Fragments from chapter one of “An introduction to ontology learning”, Lehmann and Volker, 2014

  • Ontology learning approaches are as heterogeneous as the sources of data on the web, and as different from one another as the types of knowledge representations called “ontologies”
  • no general agreement on which requirements the formal representation needs to satisfy in order to be appropriately be called an ontology. Depending on the particular point of view, ontologies can be simple dictionaries, taxonomies, thesauri, or richly axiomatized top-level formalisations
  • Ontologies play a central role in data and knowledge integration. By providing a shared schema, they facilitate query answering and reasoning over disparate data sources
  • However, the construction of ontologies is a highly expensive task which crucially hinges on the availability of scarce expert resources [39]. In order to build a formal ontology for a particular domain of interest, for instance, specialized domain knowledge needs to be acquired and formalized in a way that automated inference will yield the expected results. This goal can only be achieved if domain experts collaborate with skilled ontology engineers familiar with the theory and practice of knowledge representation – and once the ontology has been constructed, evolving knowledge and application requirements will demand for continuous maintenance efforts [[reference 39 is: Elena Simperl, Tobias Buerger, Simon Hangl, Stephan Woelger, and Igor Popov. Ontocom: A reliable cost estimation method for ontology development projects. Web Semantics: Science, Services and Agents on the World Wide Web, 16(0):1 – 16, 2012]]
  • One grouping: Ontology Learning from Text mostly focuses on the automatic or semi-automatic generation of lightweight taxonomies by means of text mining and information extraction. Many of the methods used in ontology learning from text (e.g. lexicosyntactic patterns for hyponymy detection or named-entity classification) are inspired by previous work in the field of computational linguistics, essentially designed in order to facilitate the acquisition of lexical information from corpora. Some ontology learning approaches do not derive schematic structures, but focus on the data level. Such ontology population methods derive facts from text. A popular example is the Never-Ending Language Learning (NELL) project [10], which reads the web to add statements to its knowledge base and improves its performance over time, e.g. via user feedback.

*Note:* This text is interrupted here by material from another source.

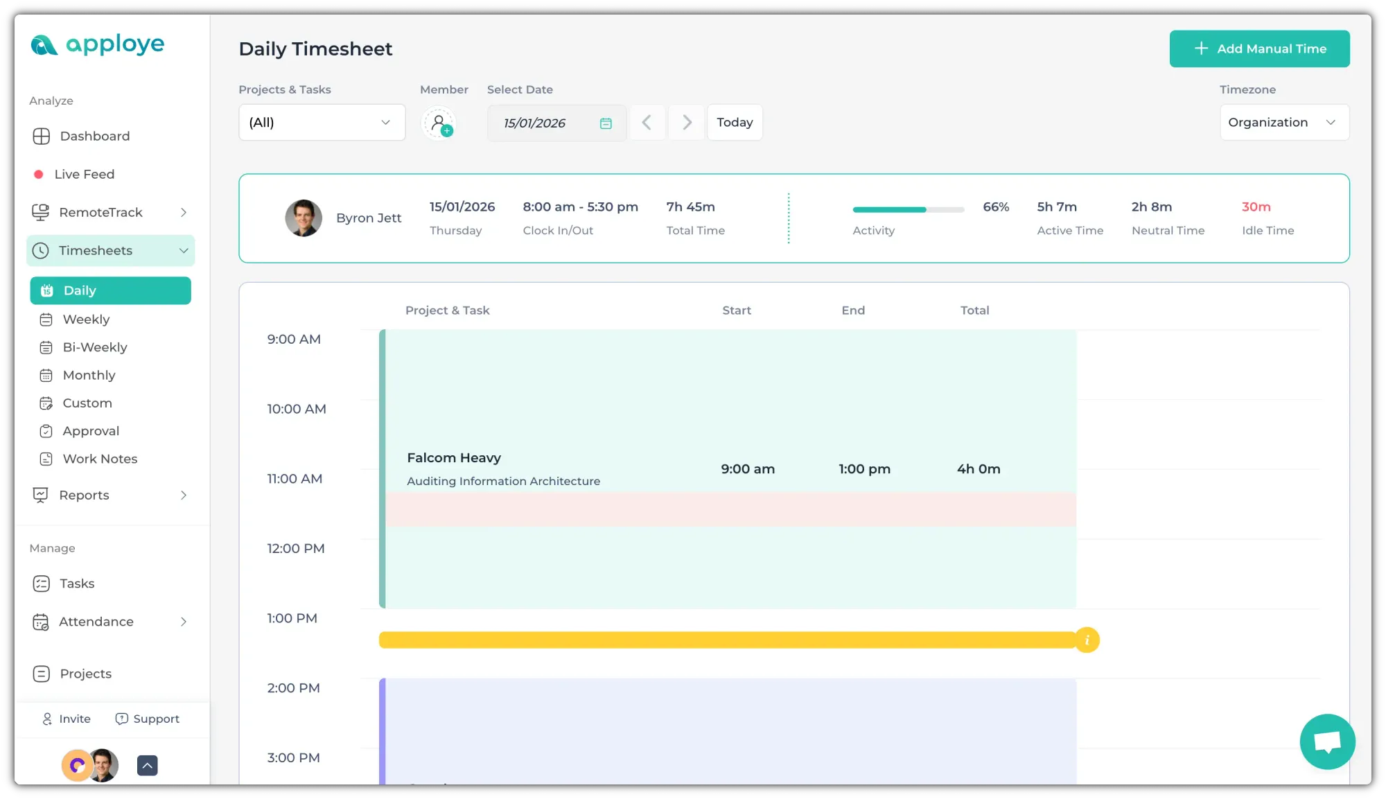 Apploye can track which application/software your employees are on and how much time they have spent on it, with activity percentage.

My reading, overall, is that the creation of ontologies remains a time consuming exercise for experts and a relatively unsolved problem for automated systems.


Other references:

2008, Ontology Engineering – The DOGMA Approach, Jarrar and Meersman,

Tutorial on Ontological Engineering: “Part 3: Advanced course of ontological engineering”, Riichiro Mizoguchi,



Fragment: Symbolic vs Sub-symbolic AI

The symbolic-AI camp models knowledge as specific, explicitly-represented objective facts that get manipulated by formal, repeatable rules, and the sub-symbolic or connectionist camp is all about building systems that adapt, in hard-to-analyze ways, to perform actions and anticipate things in a way that seems to demonstrate knowledge but where the knowledge itself can’t easily be understood or extracted as a list of explicit facts or rules.